MASc seminar - Ryan MacDonald

Tuesday, August 15, 2017 1:00 pm - 1:00 pm EDT (GMT -04:00)

Candidate

Ryan MacDonald

Title

Robotic Motion Planning in Uncertain Environments via Active Sensing

Supervisor

Stephen L. Smith

Abstract

Perception and control are at the foundation of automation, and in recent years, we have seen growth in feasible applications including self-driving cars and smart homes. As automation moves from regulated, well-monitored locations (e.g., factories) into society, uncertainty in hardware and the environment poses a safety concern. Within this thesis, we focus primarily on uncertainty in the environment and discuss models of the environment known a priori and learned as the robot functions. The robot is tasked with moving from one location or configuration to another while minimizing the expected cost of observation and motion actions.
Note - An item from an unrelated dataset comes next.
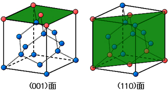 現在、シリコン基板の表面は NMOSトランジスタ(以下、NMOS)の移動度が高い(001)面(図1)が主流となっています。しかし、45nm世代まで使用していた既存の製造設備では、 (001)面のオン電流を向上させることは難しくなっています。これに対して、(110)面(図1)は、PMOSトランジスタ(以下、PMOS)の移動度が(001)面よりも高くなることから注目されていますが、NMOSの移動度が(001)面よりも低いといった問題がありました。このため、「NMOSのオン電流+PMOSのオン電流」の合計は(001)面の方が大きくなり、(110)面の基板への適用は実用化されませんでした。(110)面を基板とした低消費電力ロジックLSIの実用化には、製造コストの増加を最小限に抑えながら、NMOSのオン電流を(001)面と同等レベルに向上させる必要があります。

We focus on control that guides the robot to a position/configuration or identifies that it is impossible to reach the position/configuration.

The first focus on a robot creating a plan, prior to deployment, based on a known environment model. This model encodes obstacle configurations into different environmental realizations along with a probably this realization will be encountered. The robot is also provided an observation model it may use to sense the environment during the task. We show that minimizing the expected cost from start to goal within these models is NP-Hard. Therefore, we present an efficient algorithm to create a policy which can react to obstacles in real-time while maintaining safety constraints on motion. A by-product of this algorithm is a lower bound on the expected cost of an optimal policy. We compare the policy and lower bound, generated by our algorithm, against that of an optimal policy and existing research.

Our focus then shifts to remove prior information about environmental obstacles. We ask the robot to complete a finite number of start to goal tasks and show the general version of this problem is PSPACE-Hard. To reduce the complexity, we develop a method that uses an arbitrary reactionary algorithm from prior work to handle unexpected obstacles. For each new environment experienced, we incrementally update the robot's policy and show that the dependence on the reactionary algorithm is not increasing. Tests are performed on a flexible factory to demonstrate the scalability of this method.